Required work:
Write the lines below out exactly, dropping each picture.

*** Material for this exercise ***

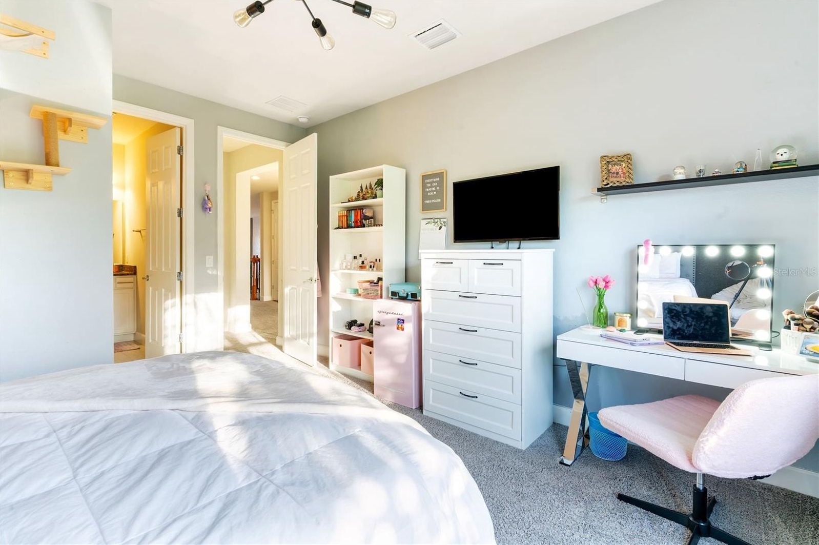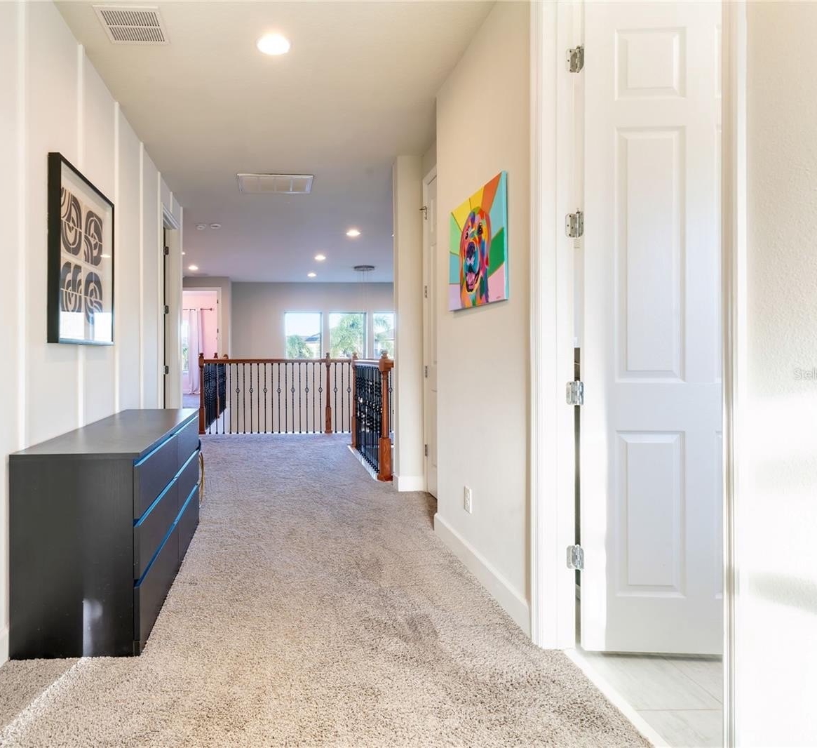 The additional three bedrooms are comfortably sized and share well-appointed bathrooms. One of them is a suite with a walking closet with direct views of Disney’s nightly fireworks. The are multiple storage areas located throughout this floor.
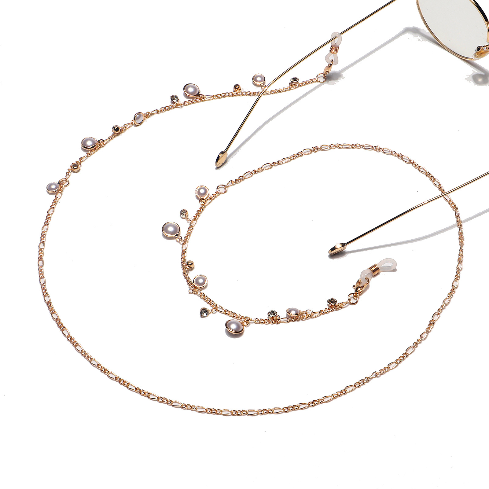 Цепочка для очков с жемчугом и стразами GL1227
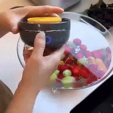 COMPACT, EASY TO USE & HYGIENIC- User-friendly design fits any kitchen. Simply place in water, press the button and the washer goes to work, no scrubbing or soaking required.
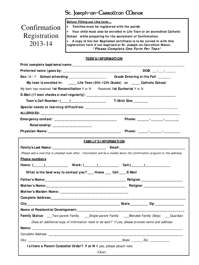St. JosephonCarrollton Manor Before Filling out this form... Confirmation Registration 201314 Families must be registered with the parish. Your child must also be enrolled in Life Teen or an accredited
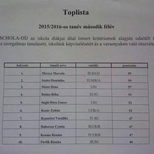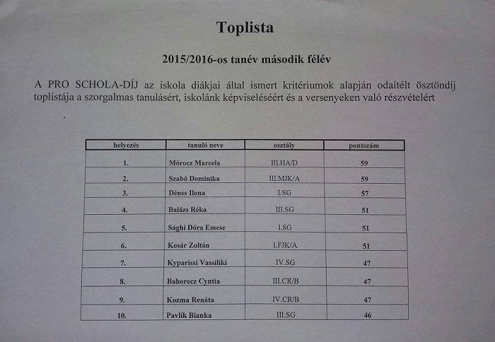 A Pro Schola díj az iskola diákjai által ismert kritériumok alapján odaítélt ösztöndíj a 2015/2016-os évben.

***

Problem solution:
 The additional three bedrooms are comfortably sized and share well-appointed bathrooms. One of them is a suite with a walking closet with direct views of Disney’s nightly fireworks. The are multiple storage areas located throughout this floor.
 Цепочка для очков с жемчугом и стразами GL1227
 COMPACT, EASY TO USE & HYGIENIC- User-friendly design fits any kitchen. Simply place in water, press the button and the washer goes to work, no scrubbing or soaking required.
St. JosephonCarrollton Manor Before Filling out this form... Confirmation Registration 201314 Families must be registered with the parish. Your child must also be enrolled in Life Teen or an accredited
 A Pro Schola díj az iskola diákjai által ismert kritériumok alapján odaítélt ösztöndíj a 2015/2016-os évben.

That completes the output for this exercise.